**TASK DIRECTIONS**
The pictures are to be dropped, and the records below are to be restated word for word.

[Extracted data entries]
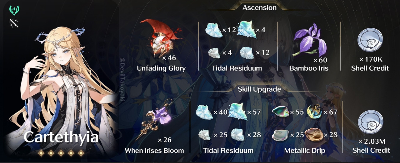 Multiplier DMG dari Basic Attack, Heavy Attack, Dodge Counter, dan Intro Skill milik Cartethyia meningkat sebesar 50%, dan Multiplier DMG dari Mid-air Attack meningkat sebesar 200%.
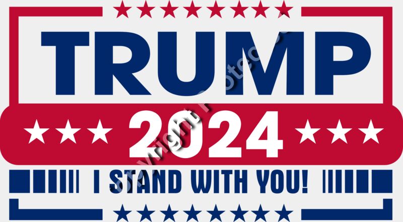 Trump 2024 campaign graphic featuring bold text stars and patriotic colors
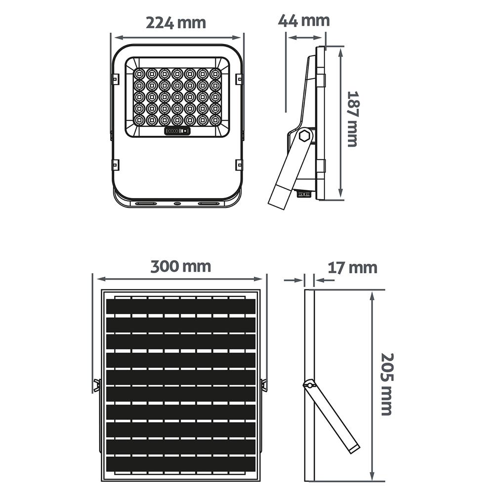 Διαστάσεις προϊόντος: Μέγεθος λάμπας: 224x44x187mm / Μέγεθος ηλιακού πάνελ: 300x17x205mm
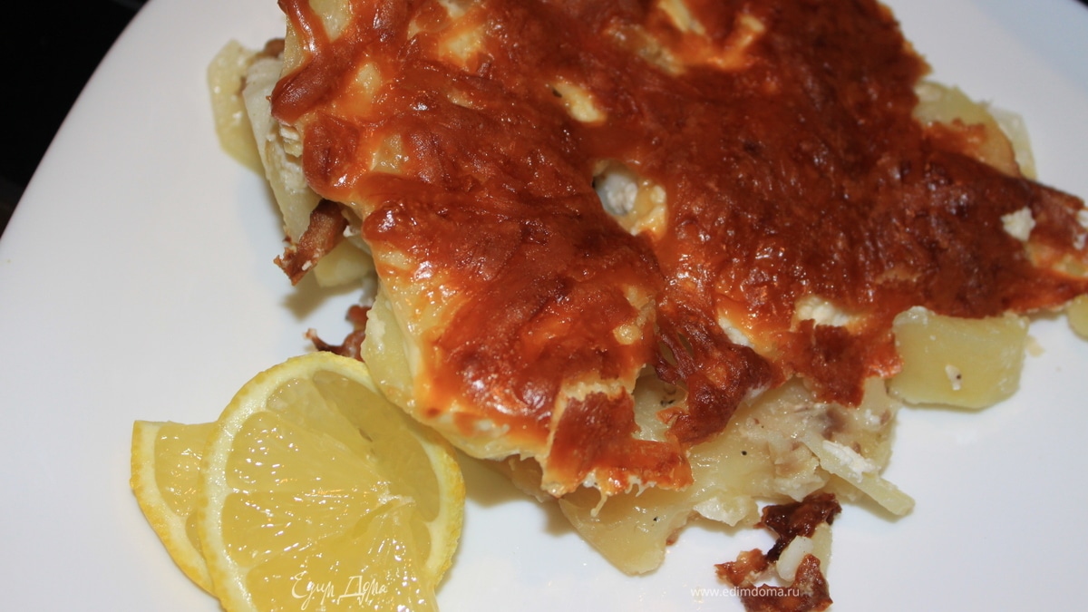Рыба с картофелем, запеченные под сметаной и сливками
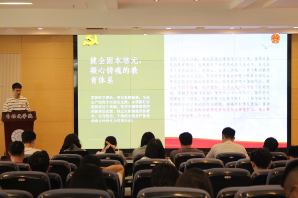 为深入贯彻落实党的二十大精神和2025年全国两会精神,进一步健全“支部书记研学、学生干部领学、党员群众共学”学生党员教育体系,加强毕业生党员离校教育,持续完善党员教育长效机制,我院于3月26日下午在污污漫画 一号楼511会议室举行2025届毕业生党员最后一堂党课暨第十二期“支部书记研学”活动。污污漫画 党委副书记丁琛、各年级辅导员、研究生党支部书记以及毕业党员参加本次活动。活动由辅导员罗建文主持。
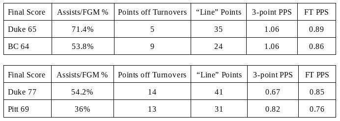 Rebounding is another stat that was key in both victories. Against Pittsburgh, it was easy to see - Duke had 19 second chance points compared to 8 for Pitt and out-rebounded the Panthers 51-28 overall. At Boston College, both teams finished with a total of 11 second chance points but it was 6-0 in favor of BC at the half. The 11 second chance points after the break were huge for Duke, especially with points being tough to come by, and the Blue Devils finished with a 38-32 advantage on the glass for the game. Ryan Young, Mark Mitchell, Tyrese Proctor, and Kyle Filipowski all had big offensive rebounds in the last 3 minutes and Duke needed them all.
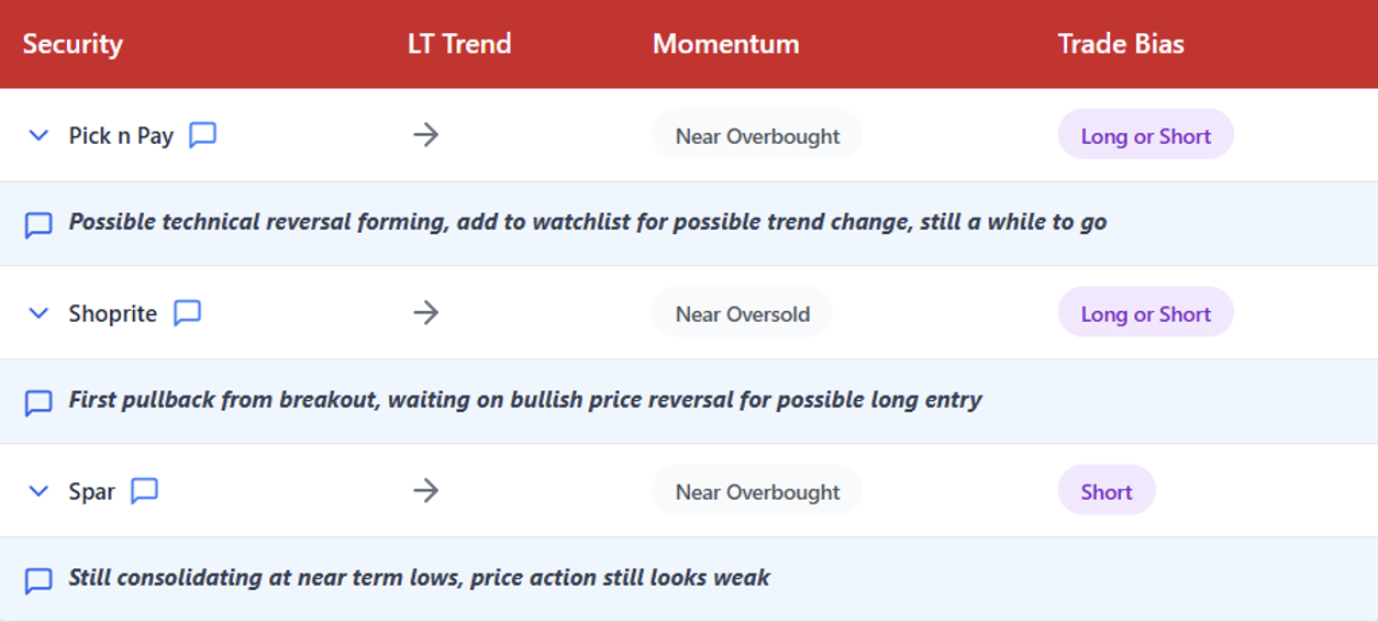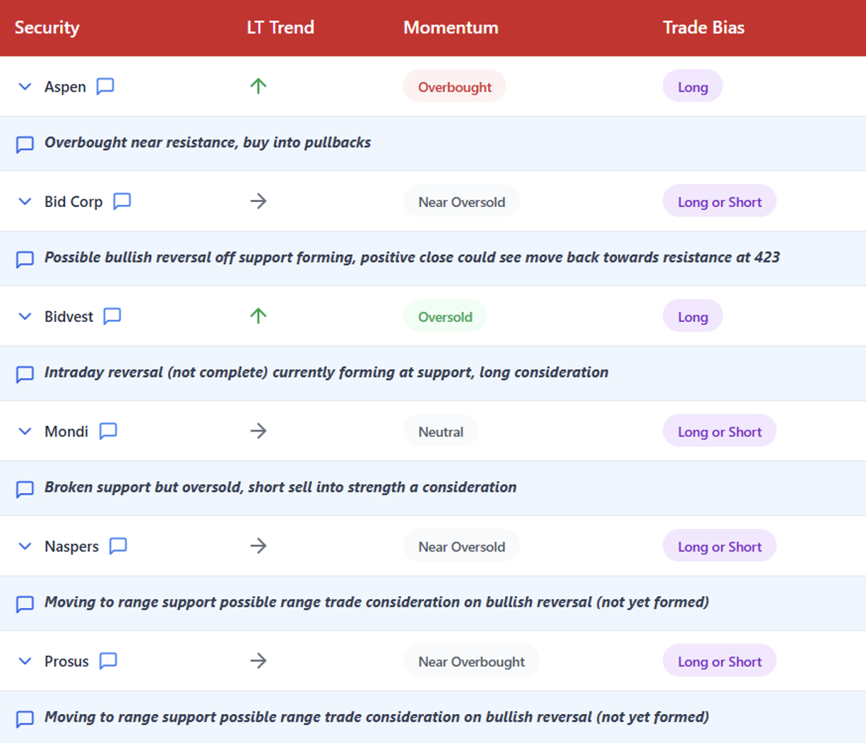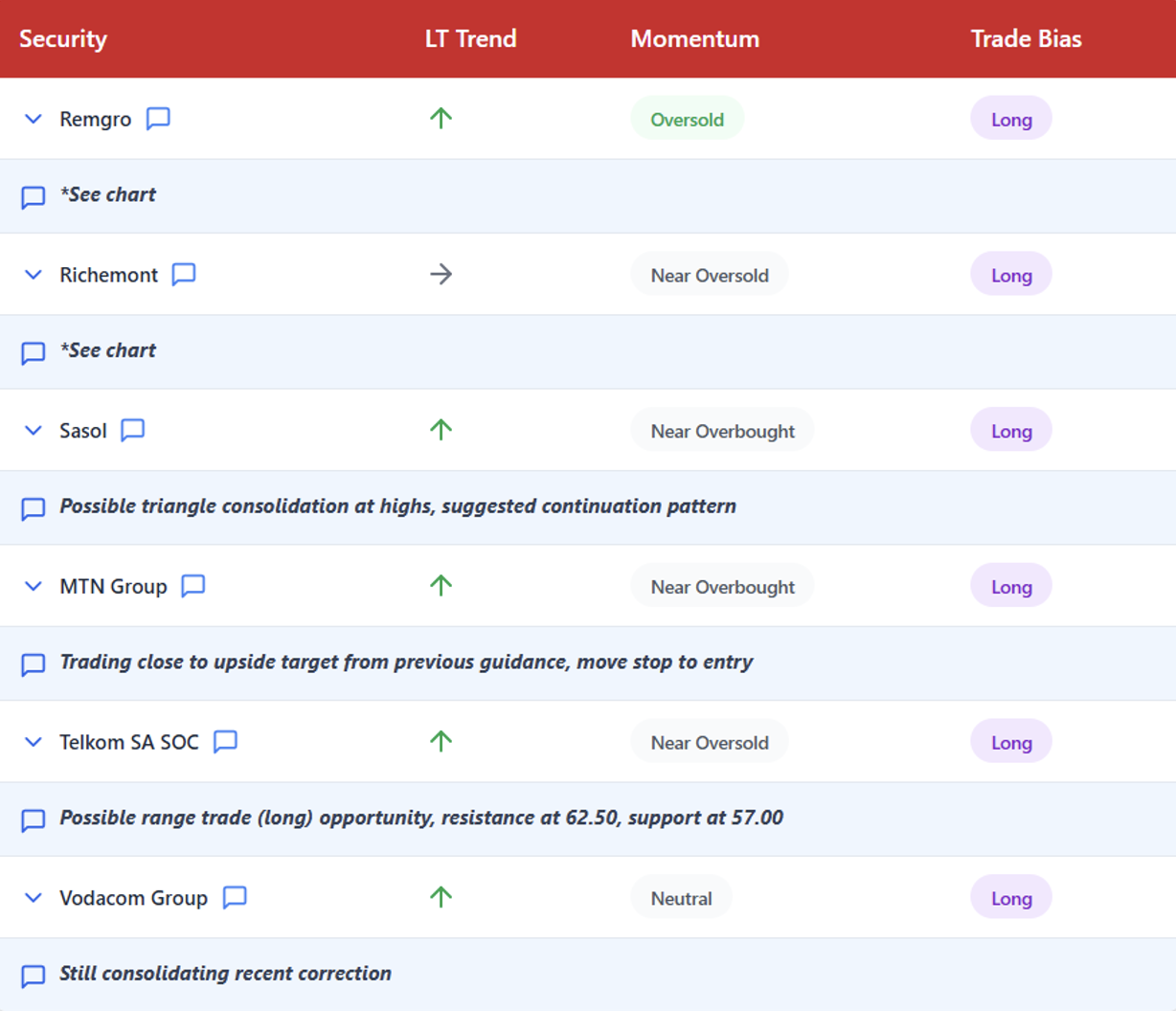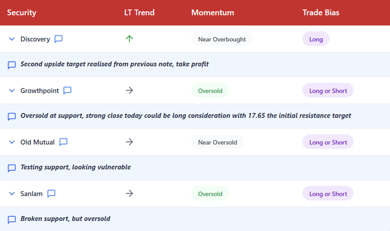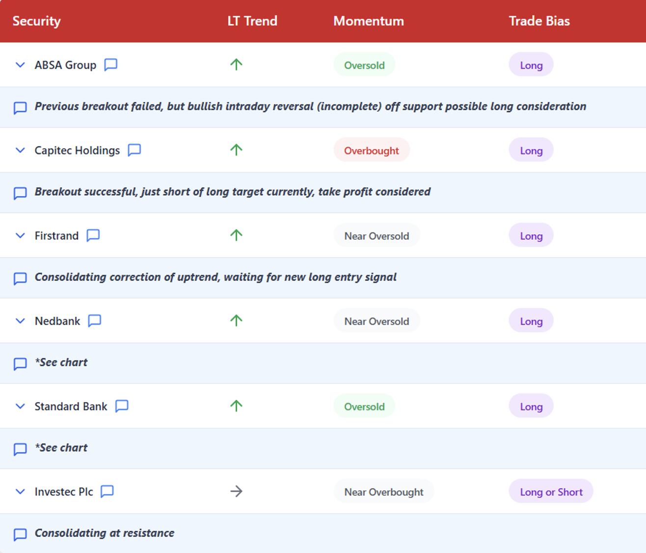 On the JSE, Nedbank and Standard Bank are showing early signs of reversing higher from oversold support, and Richemont offers a potential re-entry after completing its first pullback since breaking out.

**YOUR RESPONSE**
 Multiplier DMG dari Basic Attack, Heavy Attack, Dodge Counter, dan Intro Skill milik Cartethyia meningkat sebesar 50%, dan Multiplier DMG dari Mid-air Attack meningkat sebesar 200%.
 Trump 2024 campaign graphic featuring bold text stars and patriotic colors
 Διαστάσεις προϊόντος: Μέγεθος λάμπας: 224x44x187mm / Μέγεθος ηλιακού πάνελ: 300x17x205mm
Рыба с картофелем, запеченные под сметаной и сливками
 为深入贯彻落实党的二十大精神和2025年全国两会精神,进一步健全“支部书记研学、学生干部领学、党员群众共学”学生党员教育体系,加强毕业生党员离校教育,持续完善党员教育长效机制,我院于3月26日下午在污污漫画 一号楼511会议室举行2025届毕业生党员最后一堂党课暨第十二期“支部书记研学”活动。污污漫画 党委副书记丁琛、各年级辅导员、研究生党支部书记以及毕业党员参加本次活动。活动由辅导员罗建文主持。
 Rebounding is another stat that was key in both victories. Against Pittsburgh, it was easy to see - Duke had 19 second chance points compared to 8 for Pitt and out-rebounded the Panthers 51-28 overall. At Boston College, both teams finished with a total of 11 second chance points but it was 6-0 in favor of BC at the half. The 11 second chance points after the break were huge for Duke, especially with points being tough to come by, and the Blue Devils finished with a 38-32 advantage on the glass for the game. Ryan Young, Mark Mitchell, Tyrese Proctor, and Kyle Filipowski all had big offensive rebounds in the last 3 minutes and Duke needed them all.
 On the JSE, Nedbank and Standard Bank are showing early signs of reversing higher from oversold support, and Richemont offers a potential re-entry after completing its first pullback since breaking out.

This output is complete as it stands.